Всю ночь напролет над осажденным городом бушевал северный ветер, и резкий волчий вой эхом разносился над замерзшими холмами. Всю ночь напролет Тацита просила у богини ответа. Должна ли она попытаться передать Гаю во вражеский лагерь записку, умоляя о помощи? Или ей следует цепляться за свою гордость, даже если это означает обречь всю свою семью на смерть?
Но искать его помощи было так рискованно! Они не виделись тринадцать лет. И теперь он был врагом.
Пододвинув свой стул к окну, она сидела и наблюдала, как тает темнота. Внизу лежал в тяжелых сновидениях город Перузия, омытый тем необычным, успокаивающим сиянием, которое воцаряется после сильного снегопада.
Их жилье было на пятом ярусе Северной башни Этрусских ворот.
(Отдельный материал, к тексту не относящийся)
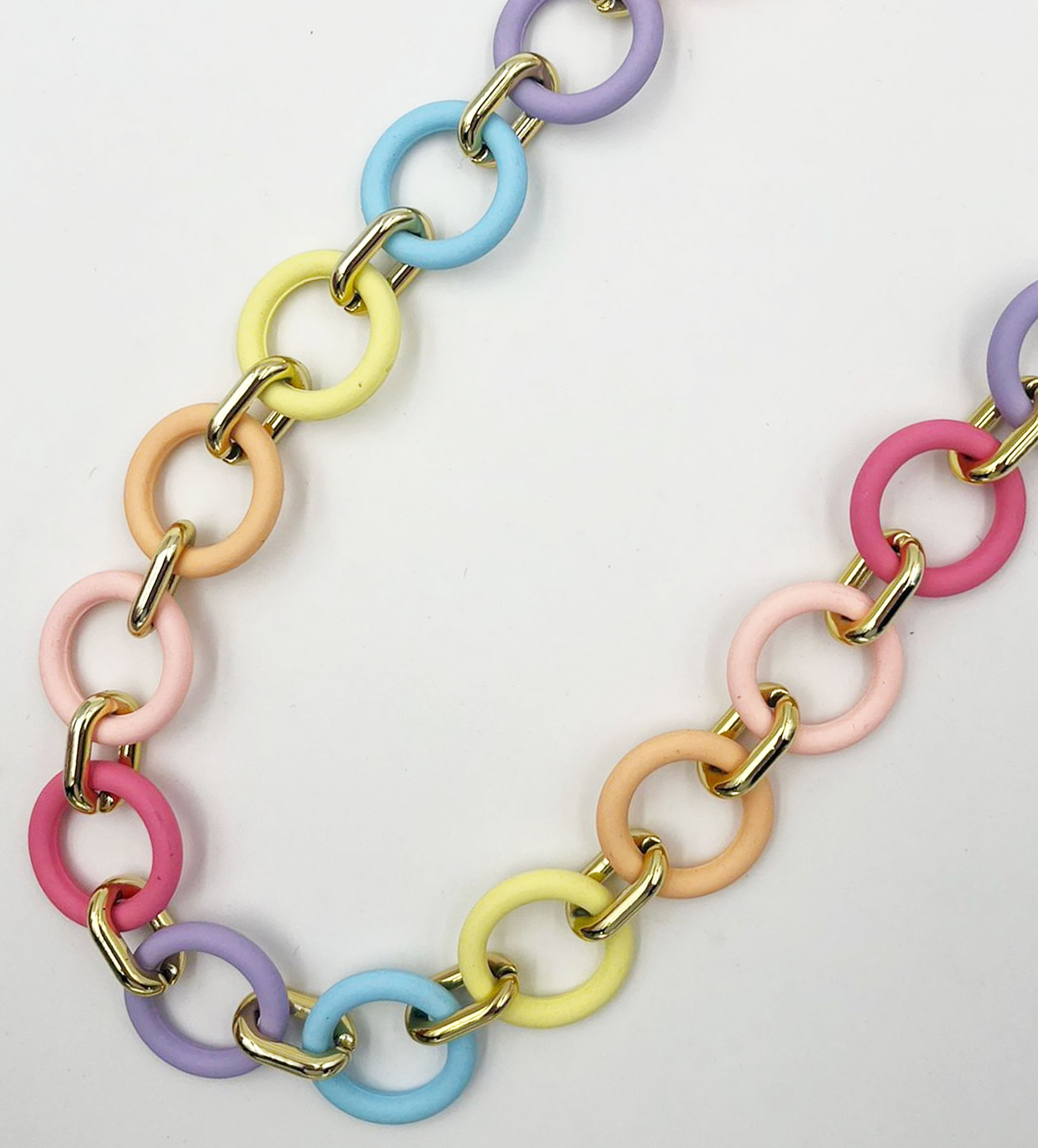 Collana catena multifilo con particolari gommati in plastica e metallo, lunghezza 100 cm, sacchetto in organza incluso

Окна глядели на восток от равнины к горам. Море голубого тумана скрывало долину Тибра. И за этим туманом враги выжидали, когда Перузия умрет.
Ее не удивило присутствие Гая в лагере осаждающих. Она находила это совершенно естественным, что однажды они могут оказаться по разные стороны баррикад: он борется за то, чтобы сокрушить Республику и установить новый порядок, а она, вернее ее супруг, защищает старый. Что ее удивляло, так это то, что понадобилось тринадцать лет, чтобы дождаться этого часа.
Так что ж ей делать? Искать его помощи? Или умирать от голода?